> EXERCISE DESCRIPTION:
Taking the line with "Folat 64158 ballong" as the first and the line with "五矿期货-白糖周报:巴西产量超去年同期,原糖破位下跌-251018" as the last, set down the lines below exactly, pictures excluded.

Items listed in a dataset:
************
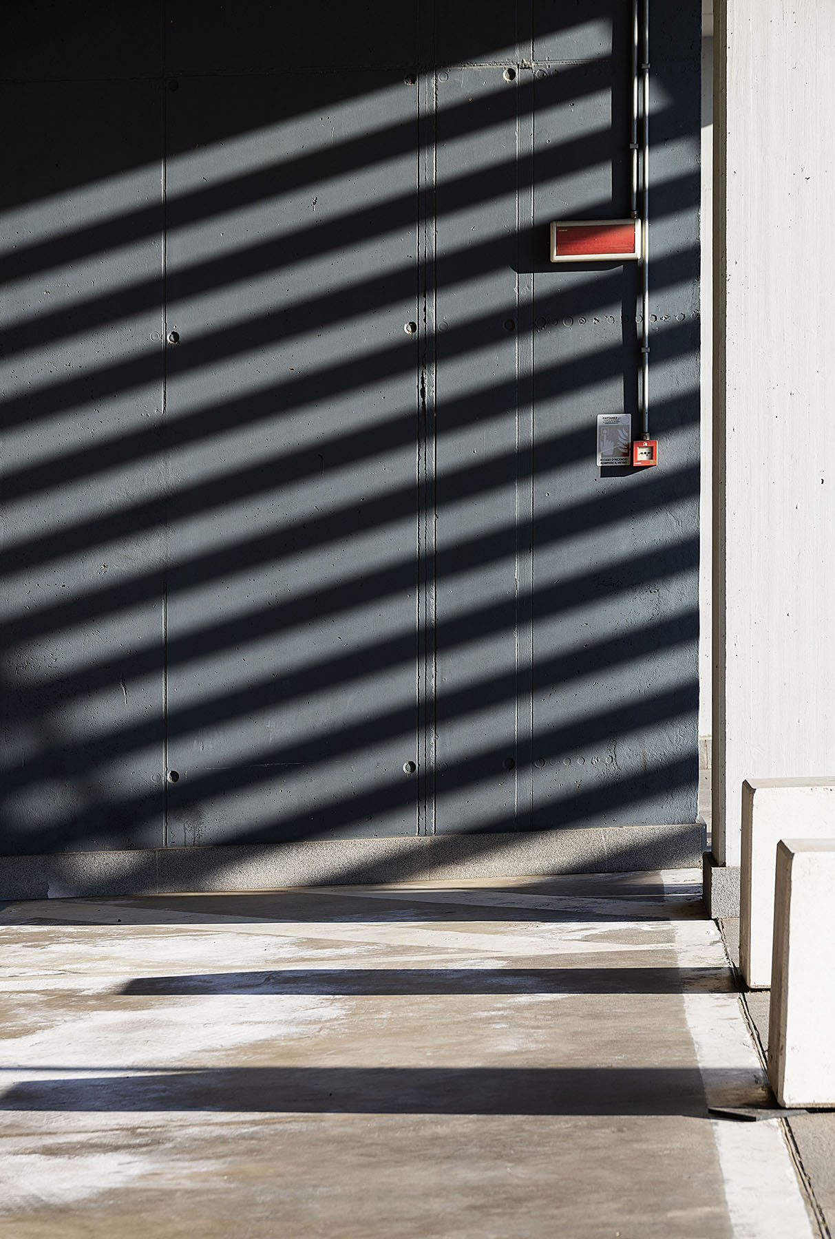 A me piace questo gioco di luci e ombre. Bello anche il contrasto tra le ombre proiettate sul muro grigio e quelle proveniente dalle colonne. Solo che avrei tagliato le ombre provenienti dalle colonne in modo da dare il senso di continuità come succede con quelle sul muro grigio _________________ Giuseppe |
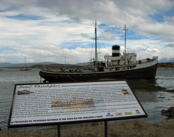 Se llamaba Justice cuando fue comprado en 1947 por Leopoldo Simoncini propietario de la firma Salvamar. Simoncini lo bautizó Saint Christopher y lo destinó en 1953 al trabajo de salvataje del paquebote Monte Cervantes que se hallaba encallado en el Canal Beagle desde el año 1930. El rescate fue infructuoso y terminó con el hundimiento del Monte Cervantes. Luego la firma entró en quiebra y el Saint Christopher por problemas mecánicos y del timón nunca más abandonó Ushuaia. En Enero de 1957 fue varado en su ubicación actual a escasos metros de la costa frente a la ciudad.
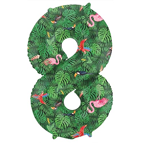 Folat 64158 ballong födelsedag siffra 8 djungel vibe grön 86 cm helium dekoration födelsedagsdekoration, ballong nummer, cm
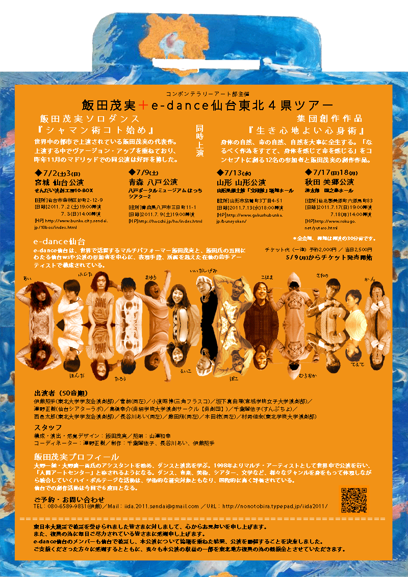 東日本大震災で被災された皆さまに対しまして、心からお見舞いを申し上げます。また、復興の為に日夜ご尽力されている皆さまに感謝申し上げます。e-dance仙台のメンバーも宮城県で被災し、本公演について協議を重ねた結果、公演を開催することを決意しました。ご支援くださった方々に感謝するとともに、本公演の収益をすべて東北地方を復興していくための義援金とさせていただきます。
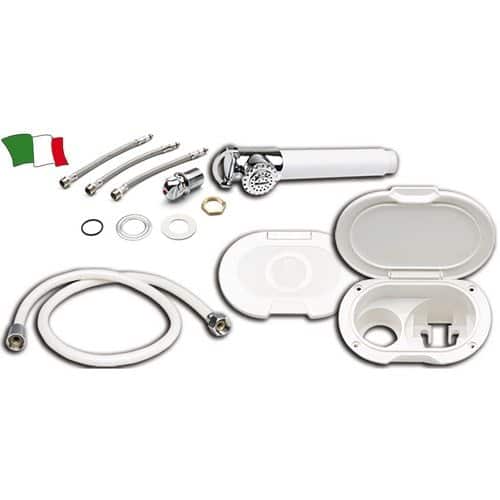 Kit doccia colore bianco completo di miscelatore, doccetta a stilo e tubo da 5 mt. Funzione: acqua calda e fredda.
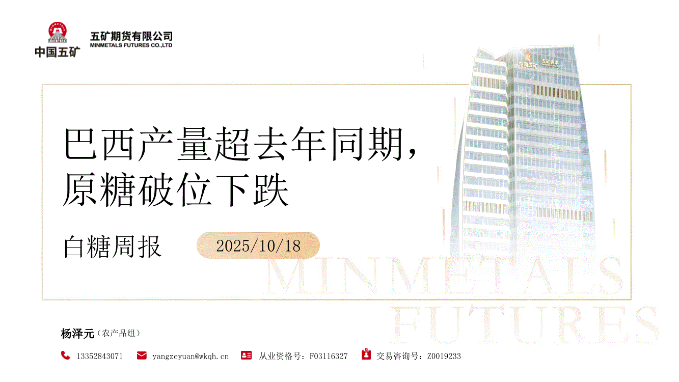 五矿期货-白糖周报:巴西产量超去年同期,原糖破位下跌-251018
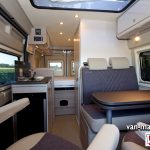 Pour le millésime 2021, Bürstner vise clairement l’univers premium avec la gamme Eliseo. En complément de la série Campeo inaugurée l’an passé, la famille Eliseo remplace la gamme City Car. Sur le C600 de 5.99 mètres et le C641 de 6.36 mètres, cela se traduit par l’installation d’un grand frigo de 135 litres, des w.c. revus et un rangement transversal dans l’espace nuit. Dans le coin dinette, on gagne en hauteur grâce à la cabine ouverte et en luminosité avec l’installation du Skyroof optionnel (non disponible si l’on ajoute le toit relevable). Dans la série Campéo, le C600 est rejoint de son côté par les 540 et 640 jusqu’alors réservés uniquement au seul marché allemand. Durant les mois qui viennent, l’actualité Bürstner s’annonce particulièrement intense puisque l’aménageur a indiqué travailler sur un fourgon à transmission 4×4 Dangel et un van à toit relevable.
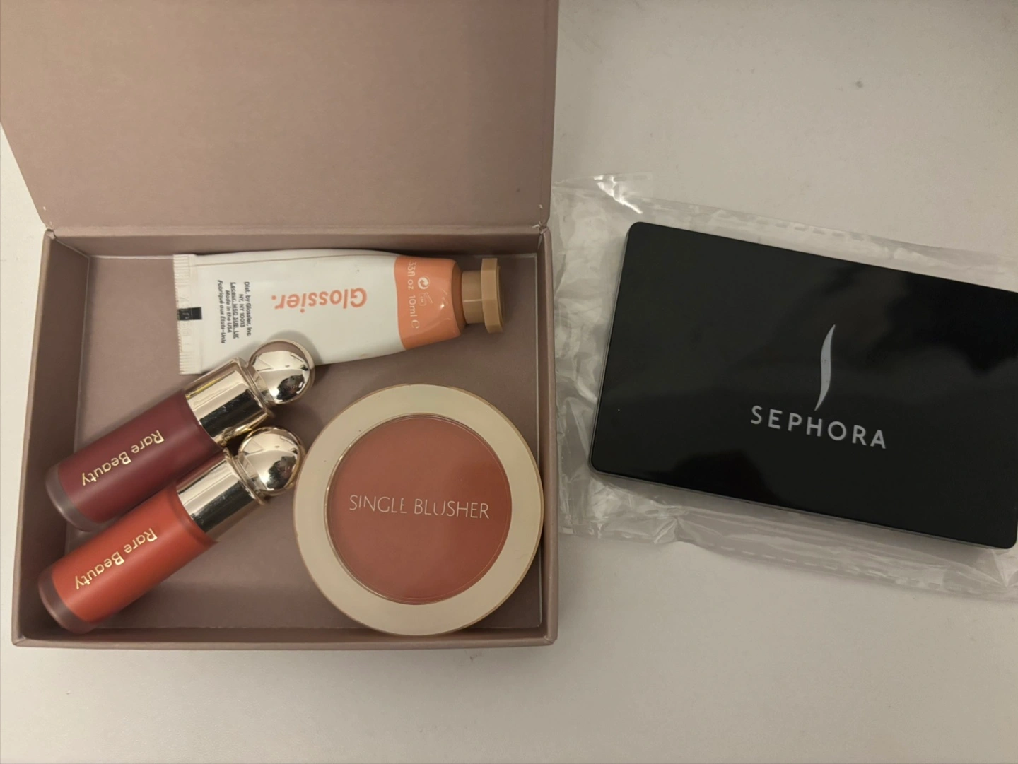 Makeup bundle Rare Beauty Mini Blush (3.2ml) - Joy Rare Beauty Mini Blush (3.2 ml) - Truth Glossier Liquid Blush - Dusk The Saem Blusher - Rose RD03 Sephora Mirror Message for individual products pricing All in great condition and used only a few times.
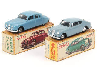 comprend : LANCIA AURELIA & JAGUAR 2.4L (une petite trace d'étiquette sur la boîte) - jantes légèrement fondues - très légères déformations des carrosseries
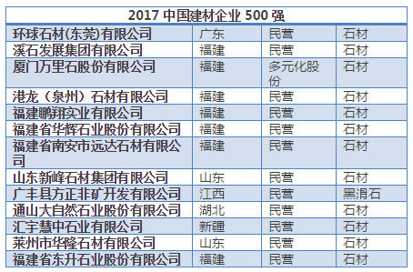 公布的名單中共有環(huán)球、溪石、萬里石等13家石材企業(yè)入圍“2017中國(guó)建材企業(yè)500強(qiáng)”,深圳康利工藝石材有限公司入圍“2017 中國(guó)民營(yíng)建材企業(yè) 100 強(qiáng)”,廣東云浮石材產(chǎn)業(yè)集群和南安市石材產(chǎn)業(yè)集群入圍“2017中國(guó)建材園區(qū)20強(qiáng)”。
************
> RESPONSE TO THE TASK:
 Folat 64158 ballong födelsedag siffra 8 djungel vibe grön 86 cm helium dekoration födelsedagsdekoration, ballong nummer, cm
 東日本大震災で被災された皆さまに対しまして、心からお見舞いを申し上げます。また、復興の為に日夜ご尽力されている皆さまに感謝申し上げます。e-dance仙台のメンバーも宮城県で被災し、本公演について協議を重ねた結果、公演を開催することを決意しました。ご支援くださった方々に感謝するとともに、本公演の収益をすべて東北地方を復興していくための義援金とさせていただきます。
 Kit doccia colore bianco completo di miscelatore, doccetta a stilo e tubo da 5 mt. Funzione: acqua calda e fredda.
 五矿期货-白糖周报:巴西产量超去年同期,原糖破位下跌-251018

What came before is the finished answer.